Board-Shareholder Dialogue Policy Debate, Legal Constraints and Best Practices, 2024
Giovanni Strampelli; Matteo Gatti; Matteo Tonello
Abstract

Shareholder engagement plays an important role in corporate governance. In the last decade, investors have increasingly influenced business decisions and their activities have extended beyond the formal submission of shareholder resolutions for voting at annual meetings. On their part, directors and managers have kept an open channel of communication. Yet, much of board-shareholder engagement consists of private interactions and, as a result, very few details about it are reported. This Chapter sheds light on closed-door board-shareholder engagement with a survey of SEC-registered corporations. The survey was circulated among corporate secretaries, general counsel, and investor relations officers, and prompted 171 responses. We also review and analyze data on corporate-shareholder engagement from disclosures by Russell 3000 and S&P 500 companies. Among other things, our investigation found that shareholder engagement is more commonly practiced at large and mid-sized companies than smaller organizations. While engagement primarily occurs with large asset managers (including the Big Three) at large corporations, it is frequently used in somewhat confrontational ways, especially by hedge funds at smaller corporations.
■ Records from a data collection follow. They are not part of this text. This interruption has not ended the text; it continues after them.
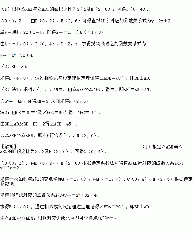 (1)根据△ABE与△ABC的面积之比为3∶2及E(2,6),可得C(0,4). ∴D(0,2). 由D(0,2)、E(2,6)可得直线AD所对应的函数关系式为y=2x+2. 当y=0时,2x+2=0,解得x=-1. ∴A(-1,0). 由A(-1,0)、C(0,4)、E(2,6)求得抛物线对应的函数关系式为 y=-x2+3x+4. (2)BD⊥AD. 求得B(...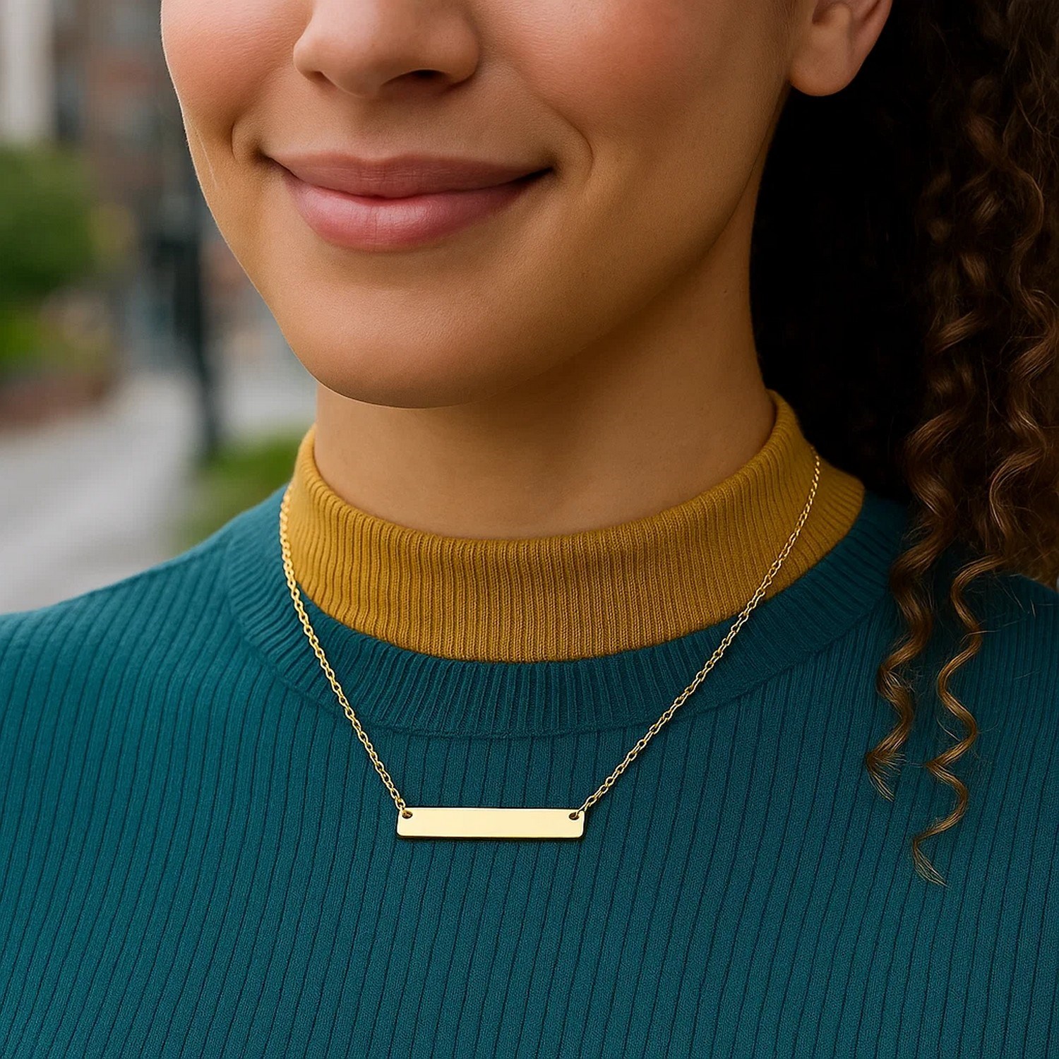 This delightfully unique necklace features a slim and flat horizontal bar connected to a delicate chain. Made of 14k yellow gold, this measures 18 inches and is secured with a spring ring clasp.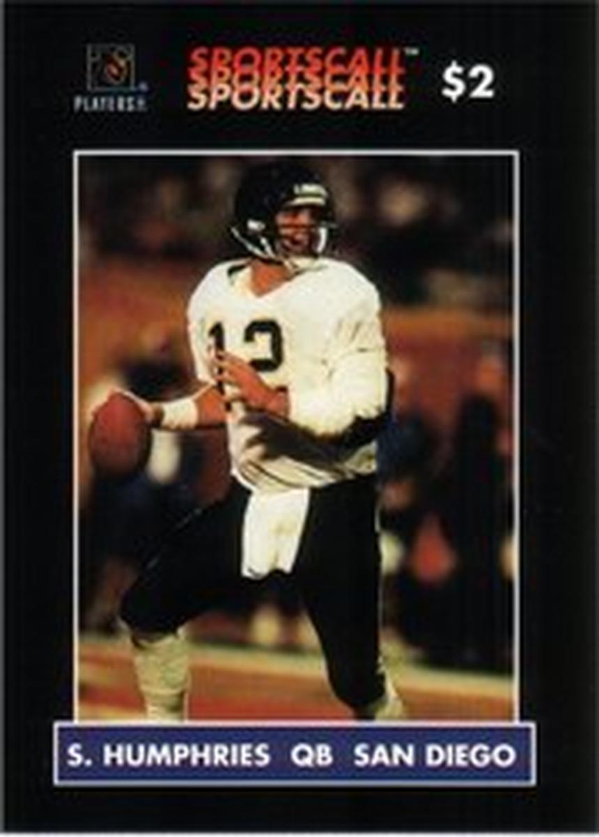 This collectible card appeals to football fans and card collectors interested in NFL players, especially those focused on the San Diego Chargers and notable quarterbacks like Stan Humphries. The paper card format and branding from SportsCall add to its collectible value within the sports memorabilia field.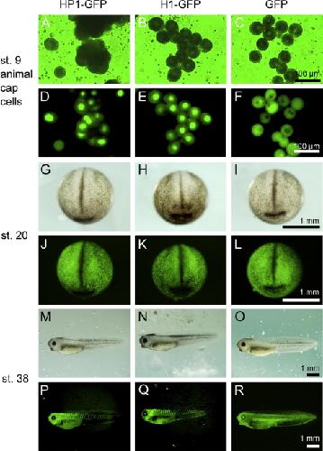 Expression patterns of HP1-GFP and H1-GFP proteins in Xenopus embryos at different stages of development. Images of animal cap cells at stage 9 (A–F), whole embryos at stage 20 (G–L), and tadpoles at stage 38 (M–R). (A–C, G–I, M–O) Bright-field images; (D–F, J–L, P–R) fluorescence images. Embryos were injected with HP1-GFP mRNA (A, D, G, J, M, P), H1-GFP mRNA (B, E, H, K, N, Q) or GFP mRNA (C, F, I, L, O, R). Scale bars: 100 μm (A–F); 1 mm (G–R).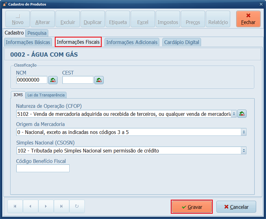 8- Clique em Informações Fiscais. Caso necessário, atualize o NCM, CEST, CFOP e CSOSN, depois clique em Gravar.

Engagement pertains to a wide array of topics, with emphasis on executives’ incentive plan design (including the use of ESG performance metrics), GHG emission and energy consumption reduction strategies, workforce diversity and pay equity, and political spending. We found that engagement is consequential, often leading to changes in corporate practices, withdrawal of shareholder proposals, changes in the proxy vote previously announced, and inclusion in the management slate of a director nominee proposed by the engaged shareholder.